Active exploitation of Excel vulnerability
The US-CERT has published a warning on active exploitation of a vulnerability in Microsoft Excel, described in Microsoft Security Advisory 947563. We can confirm these attacks and have been tracking several exploits over the last few days.
It should be noted that the incidents we are aware of have been limited to a very specific targeted attack and were not widespread. In total, we established approximately 21 reports of attacks using only 8 different files, from within the same two communities, so far.
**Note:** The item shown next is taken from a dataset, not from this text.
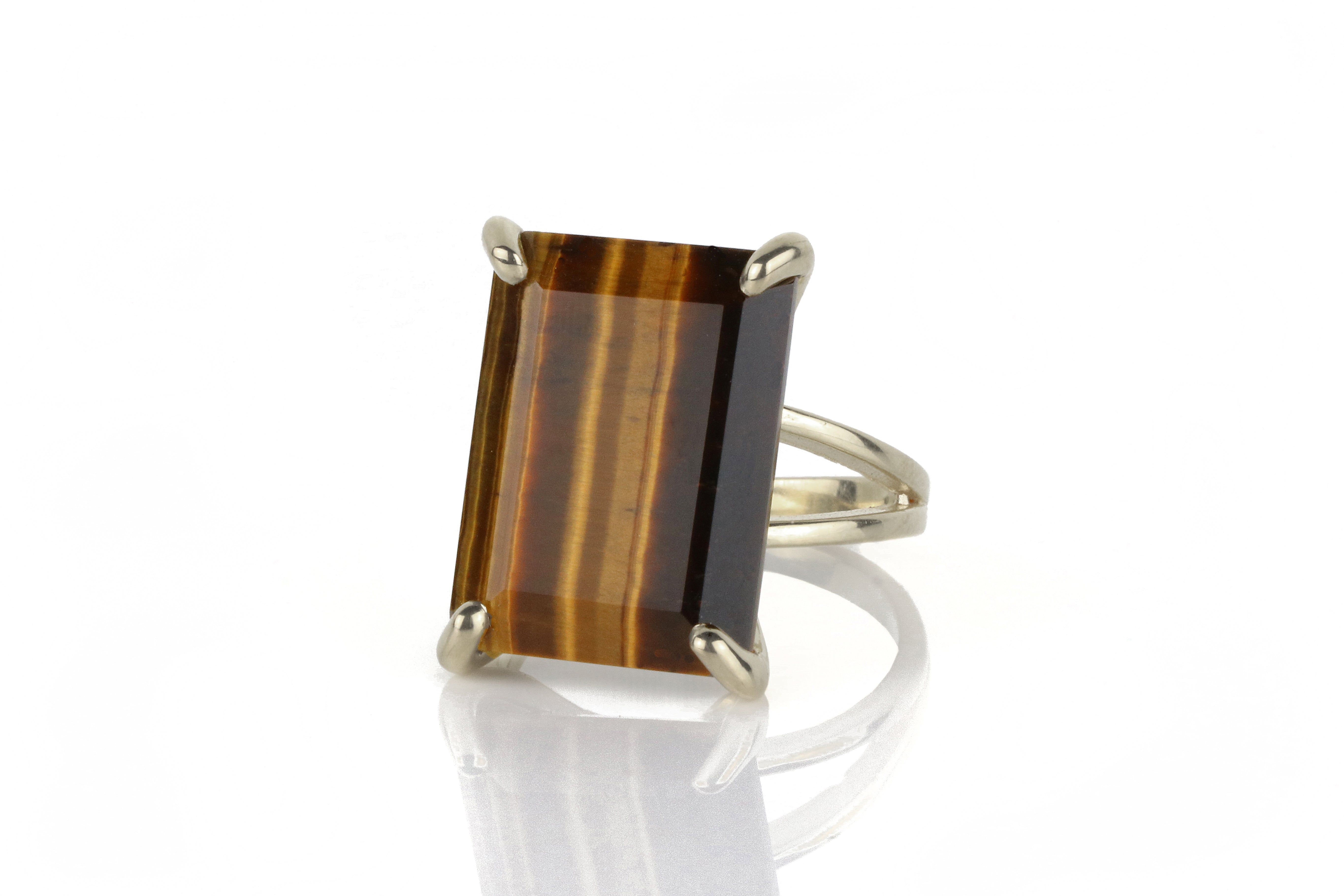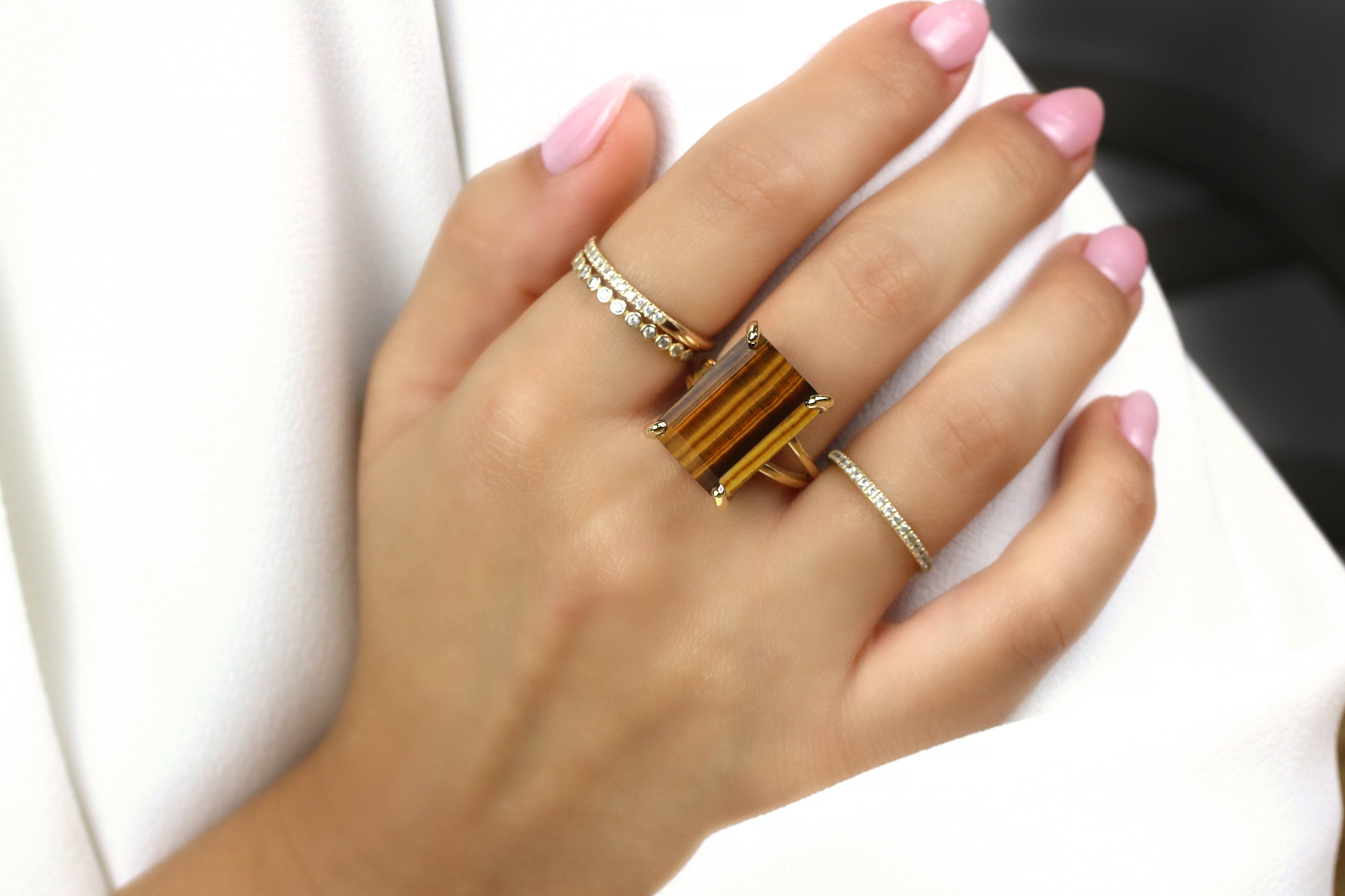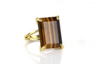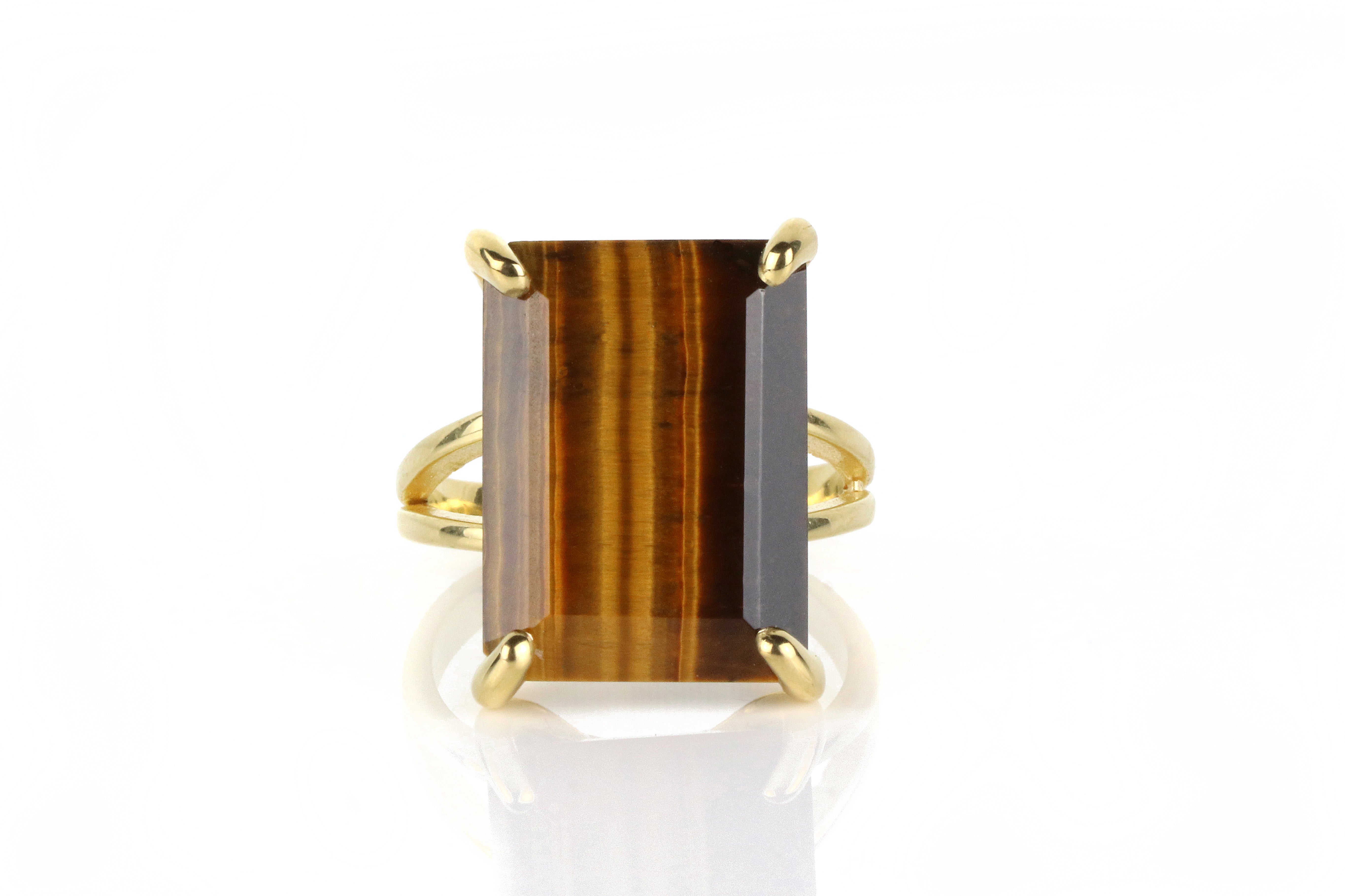 This long rectangle-cut tiger eye ring brings out the natural chatoyancy and warm brown tones of the stone. Set in polished 14k yellow gold filled metal, it creates a slim vertical silhouette that feels bold yet refined. The elongated cut highlights the stone’s natural stripes, giving the ring a modern and minimal aesthetic.

Below are the md5sum’s for the individual exploits:
d03254bbcb124a20478287a77199a001
718e4ff4691f8cefcf296607b3b53b6c
3b4409efea04c003e91b38ed8b428706
2511f821af2d5bea80899bf2ce716b34
15a10055acbc901504708249848228fb
51b3d57064e182eee8a702abd4ee43fe
9983c89a4c148f8aee0a80271ad0a584
69014e152d93f4bc09ce5894d5e793aa
Throughout the incident, we worked together with various anti virus vendors to ensure coverage. Below are some of the signatures we know of that catch iterations of these attacks. Note that some are relatively generic and catch multiple other exploits as well:
Trend Micro: TROJ_MDROP.AH
AntiVir: TR/Drop.MSExcel.Agent
BitDefender: Exploit.MSExcel.Dropper
Fortinet: MSExcel/MalExcel.B!exploit
F-Secure: Trojan-Dropper.MSExcel.Agent
Ikarus: Trojan-Dropper.MSExcel.Agent
Kaspersky: Trojan-Dropper.MSExcel.Agent
McAfee: Exploit-MSExcel.p
Microsoft: Exploit:Win32/Exrec.A
NOD32: X97M/TrojanDropper.Agent.L
Symantec: Trojan.Mdropper
WebWasher: Trojan.Drop.MSExcel.Agent
We are aware that some of the samples connect back to update-microsoft.kmip.net (221.130.180.87) on port 80, to retrieve the IP address of the actual control server.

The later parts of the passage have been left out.